Bureaucracy and other barriers keep poor countries down.
Doug Peterson
May 1, 2009

Hernando de Soto, the Peruvian economist, did an experiment in the 1980s in which he tried to find out how much time it would take to start a new business in Peru. He discovered that it took 256 working days just to obtain the 11 necessary permits—and two of the permits could only be obtained with bribes.

As a result of such bureaucratic barriers, the Peruvian economy was forced underground and had to rely on smaller-scale, inefficient technology, stifling production. When de Soto repeated the experiment in New York City, it took only one half-day to obtain the necessary permits to start a new business.

Bureaucracy is just one type of barrier that makes all the difference in the world between poor countries and rich countries, says Stephen Parente, an LAS economist long fascinated with differences in living standards among countries. He says the gap between rich and poor countries today is large—with the richest countries boasting a per capita Gross Domestic Product 50 to 60 times greater than the poorest countries. But history has shown that it is possible for a poor country to close this gap in a relatively short period.

The problem, he adds, is that ”we know from the limited number of success stories that catching up is not easily accomplished.”

The key to the economic miracles over the past 50 years has been the elimination of many types of barriers, Parente argues. Among them are barriers to open trade or barriers that constrain technology choices without an economic justification. But eliminating barriers requires the kinds of economic reforms often opposed by those with vested interest in the status quo, such as industry insiders who are being protected from outside competition.

The good news, he says, is that when countries do make permanent reforms, the economic turnaround typically happens much faster today. It certainly happens faster than when the United States began its economic ascent in the mid-19th century, eventually surpassing England as the industrial leader by 1890—a position it has held ever since.

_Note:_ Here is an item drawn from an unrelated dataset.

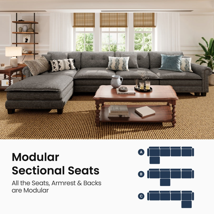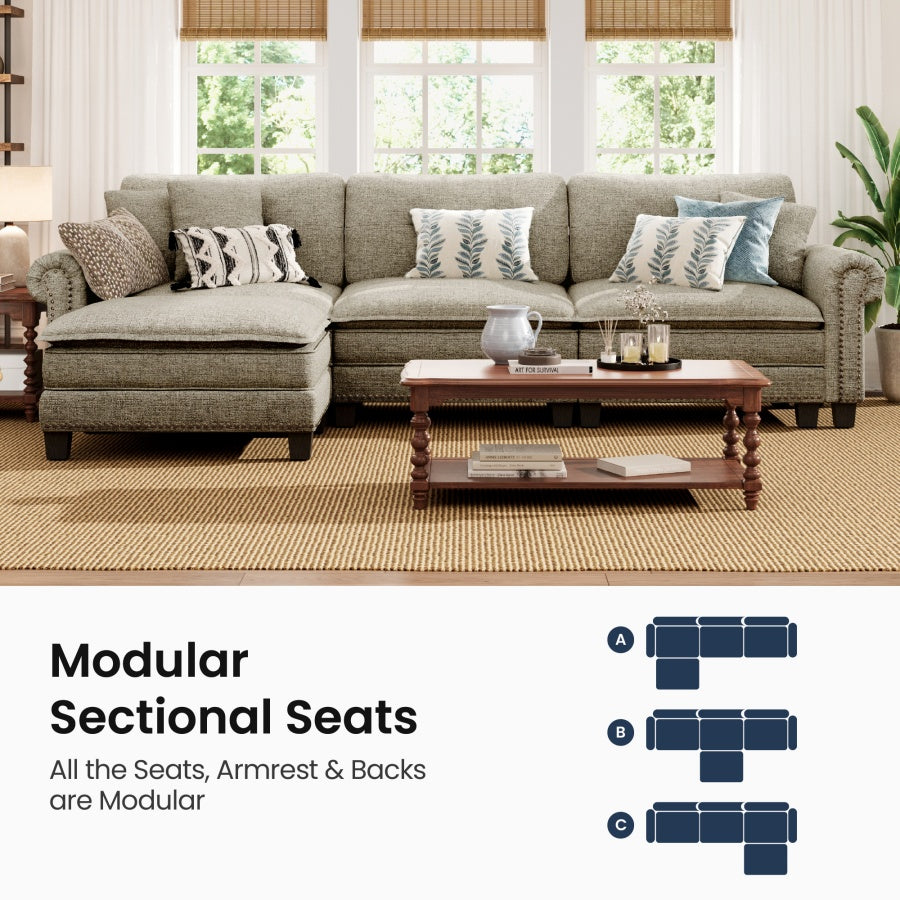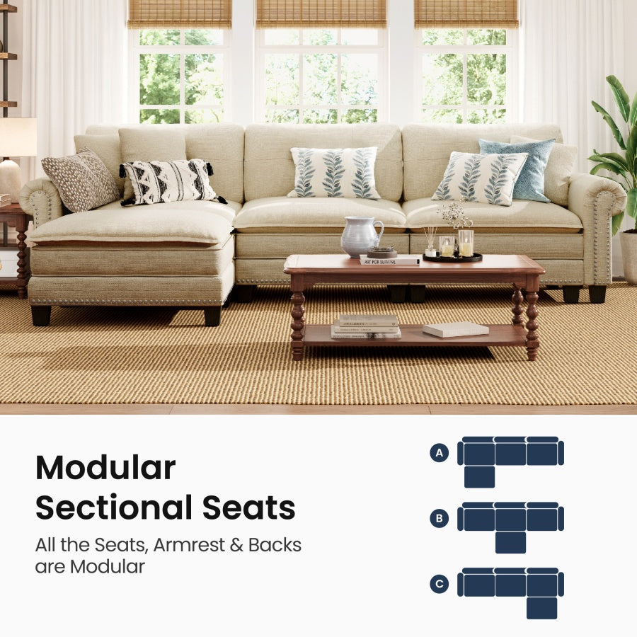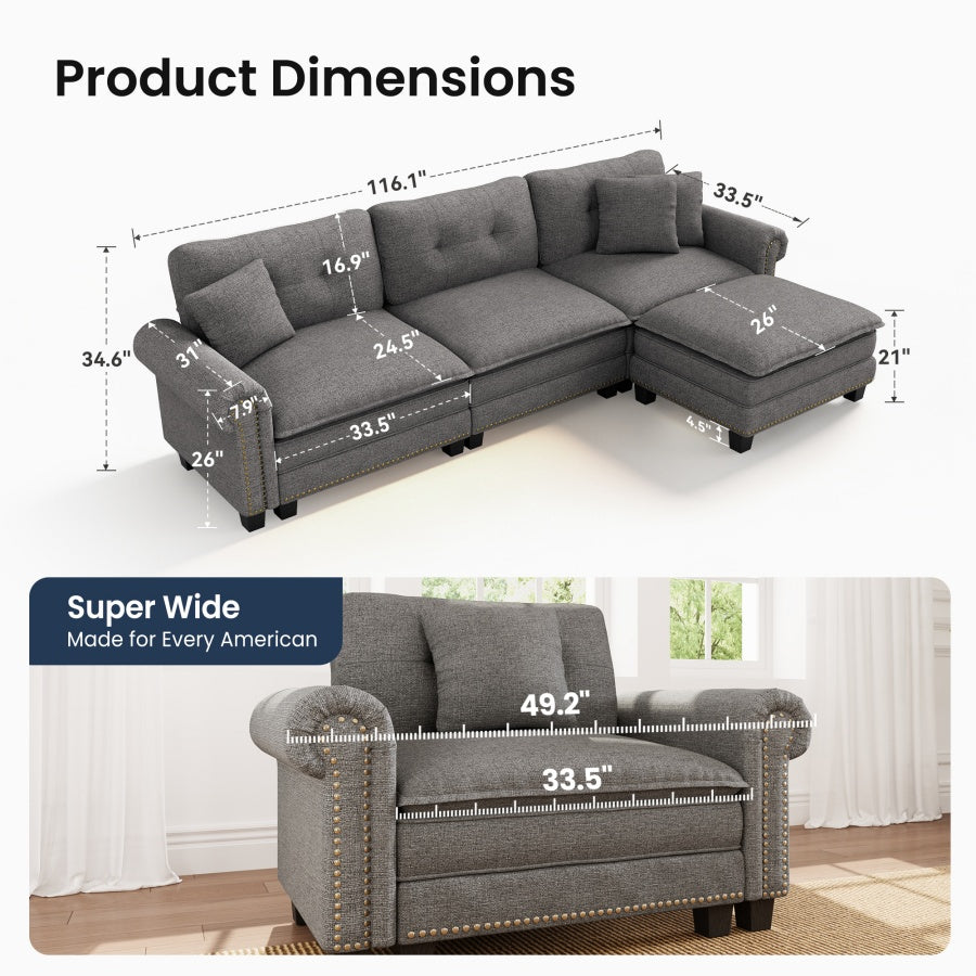 Charleston Linen-Look L-Shaped Living Room Couch with Ottoman

In other words, ”late starters” have an advantage.

Parente’s research shows that early starters, such as England, Australia, and the United States, took a lot longer to double their per capita income from $2,000 to $4,000 (in 1990 dollars) than later starters in the development process. It took England, the first country to industrialize, about 55 years to double its per capita income beginning in the early 1800s, and it took the United States about 40 years to double its per capita income beginning in 1860.

The late starters, which didn’t reach the $2,000 mark until after the 1950s, have had the advantage of drawing upon a much larger stock of knowledge and ideas—knowledge that is more accessible across borders than ever before. The result: Late starters, such as Taiwan, China, Singapore, South Korea, and Portugal, were able to double their per capita income in closer to 15 years.

Breaking through the bureaucracy barrier was crucial in these economic miracles, Parente says, although he notes that some regulation is clearly important, such as in food, drug, and environmental safety.

“Another type of barrier relates to government involvement in business,” he says. “For example, preferential treatment of individual firms in the form of lower taxes, subsidies, and awards of government contracts also works to reduce efficiency.”

In Russia, he points out, preferential policies “keep inefficient firms afloat and prevent efficient businesses from entering since they cannot compete successfully with privileged incumbent firms.” For instance, some large supermarkets will not enter the Russian market because existing kiosks, pavilions, and wholesale and retail grocery stores do not have to pay local taxes or even electricity and gas bills. Because of these policies, prices are about 10 percent higher in Russian supermarkets, he says, citing the findings of economist William Lewis.

Parente has done research with 2004 Nobel-winning economist Edward Prescott, now with Arizona State University; and they found that the success of countries also depends on being a member of a free-trade club. The secret to the U.S. success has been the free-trade club among its 50 states, which have no trade barriers among them thanks to the Interstate Commerce Clause. Europe did not begin catching up with the United States in productivity until it formed its own free-trade club—the European Union.

When China moved away from a centralized economy to free markets beginning in 1978 and formed its own free trade club, regional governments attempted to restrict the flow of goods and services among the country’s various regions; but the central government would not allow such protectionist policies, and China has become one of the most recent economic miracles.

Parente says that studies overwhelmingly show that open economies have much higher growth. In addition, his research shows that more open economies are more apt to innovate. Larger markets in an open economy mean a greater variety of goods, which spur competition and increase innovation.

“Poor countries need to embrace international competition in business and trade,” he says. “As a first step toward this goal, unnecessary barriers that constrain technology and production processes need to be eliminated. Only then can all nations have the opportunity to flourish.”